* **PROBLEM REQUIREMENTS**
When you transcribe the data below, reproduce every line exactly and leave each picture out.

* **COLLECTED DATA**
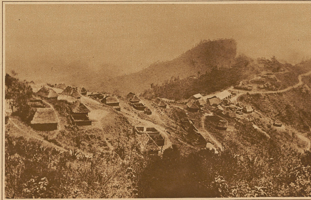
Das reizende, am Berghang gelegene Dörfchen San Pedro
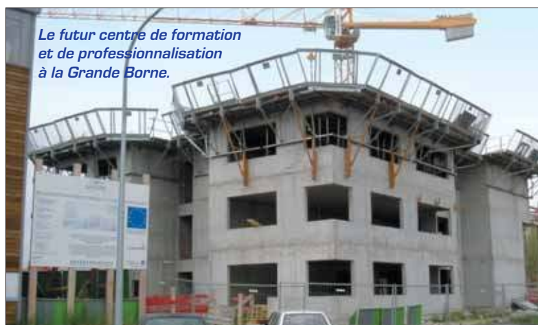
Le futur centre de formation et de professionnalisation à la Grande Borne.

Suivra la réalisation mitoyenne d'un gymnase. Tout comme le collège voisin, l'établissement bénéficie de normes de haute qualité environne- mentale (HQE) et disposera d'un parking en sous-sol. Un bâtiment qui correspond à l'arrivée d'habi- tants qui occupent progressivement le nouveau lotissement.

* **RESPONSE TO THIS TASK**
Das reizende, am Berghang gelegene Dörfchen San Pedro
Le futur centre de formation et de professionnalisation à la Grande Borne.

Suivra la réalisation mitoyenne d'un gymnase. Tout comme le collège voisin, l'établissement bénéficie de normes de haute qualité environne- mentale (HQE) et disposera d'un parking en sous-sol. Un bâtiment qui correspond à l'arrivée d'habi- tants qui occupent progressivement le nouveau lotissement.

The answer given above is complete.